Microbiota e preferências alimentares:


qual a relação?

Microbiota and food preferences: what is the relation?

Resumo
O trato gastrointestinal humano é composto por abundantes e diversas comunidades microbianas, sendo o cólon o principal habitat
para elas, com cerca de 1013 a 1014 microrganismos que exercem uma relação mutualista com o hospedeiro, influenciando no fenótipo
imunológico e metabólico e, assim, impactando na saúde do ser humano. Dessa relação mutualista, o eixo microbiota-intestino-cérebro
exerce um papel importante na função do sistema nervoso, interligando o intestino com o centro da fome/saciedade, podendo influenciar
no comportamento alimentar e afetar a qualidade e quantidade do que é consumido. Essa comunicação entre cérebro e intestino pode
ocorrer através de quatro vias principais interligadas entre si: imune, neuronal, endócrina e metabólica, onde a via imune ocorre por
meio das citocinas produzidas pelas células imunológicas, a comunicação neuronal dá-se por meio do sistema nervoso entérico e
nervo vago, a ligação endócrina faz-se por intermédio do eixo hipotálamo-hipófise-adrenal e na via metabólica tem-se a participação
dos metabólitos produzidos pela microbiota intestinal, como o butirato. Portanto a microbiota intestinal tem um papel chave nessas
comunicações, podendo influenciar no apetite e preferências alimentares, destacando-se, assim a importância da homeostase microbiana
e saúde intestinal no comportamento alimentar.
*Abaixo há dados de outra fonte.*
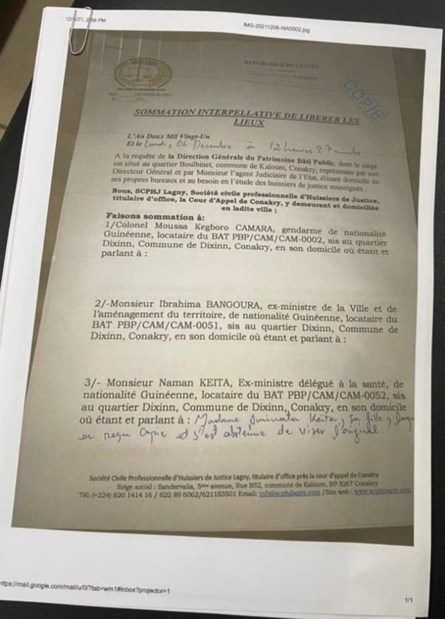 Trois cadres dont deux anciens ministres sommés de quitter les maisons qu’ils occupent à Dixinn. Il s’agit du Colonel Moussa Tiegboro Camara, secrétaire général à la présidence chargé des spéciaux, de la lutte contre la drogue, le crime organisé ; MM. Ibrahima Bangoura, ex ministre de la Ville et de l’Aménagement du territoire et Naman Keita, ex ministre délégué à la Santé.

Palavras-chave: Microbiota; comportamento alimentar; nervo vago; leaky gut.

Abstract
The human gastrointestinal tract is composed of abundant and diverse microbial communities, the colon being the main habitat for them,
with about 1013 to 1014 microorganisms that exercise a mutualistic relationship with the host influencing the immune and metabolic
phenotype and thus impacting human health. From this mutualistic relationship, the microbiota-gut-brain axis plays an important role
in the function of the nervous system, connecting the intestine with the center of hunger/satiety, which can influence eating behavior
and affect the quality and quantity of what is consumed. This communication between the brain and the intestine can occur through
four main routes interconnected: immune, neuronal, endocrine and metabolic, where the immune pathway occurs through the cytokines
produced by immune cells, the neuronal communication occurs through the enteric nervous system and the vagus nerve, the endocrine
connection is made through the hypothalamic-pituitary-adrenal axis and in the metabolic path there is the participation of metabolites
produced by the intestinal microbiota, such as butyrate. Therefore, the intestinal microbiota has a key role in these communications,
which can influence appetite and food preferences, thus highlighting the importance of microbial homeostasis and intestinal health in
eating behavior.

Keywords :Microbiota; eating behavior; vagus nerve; leaky gut.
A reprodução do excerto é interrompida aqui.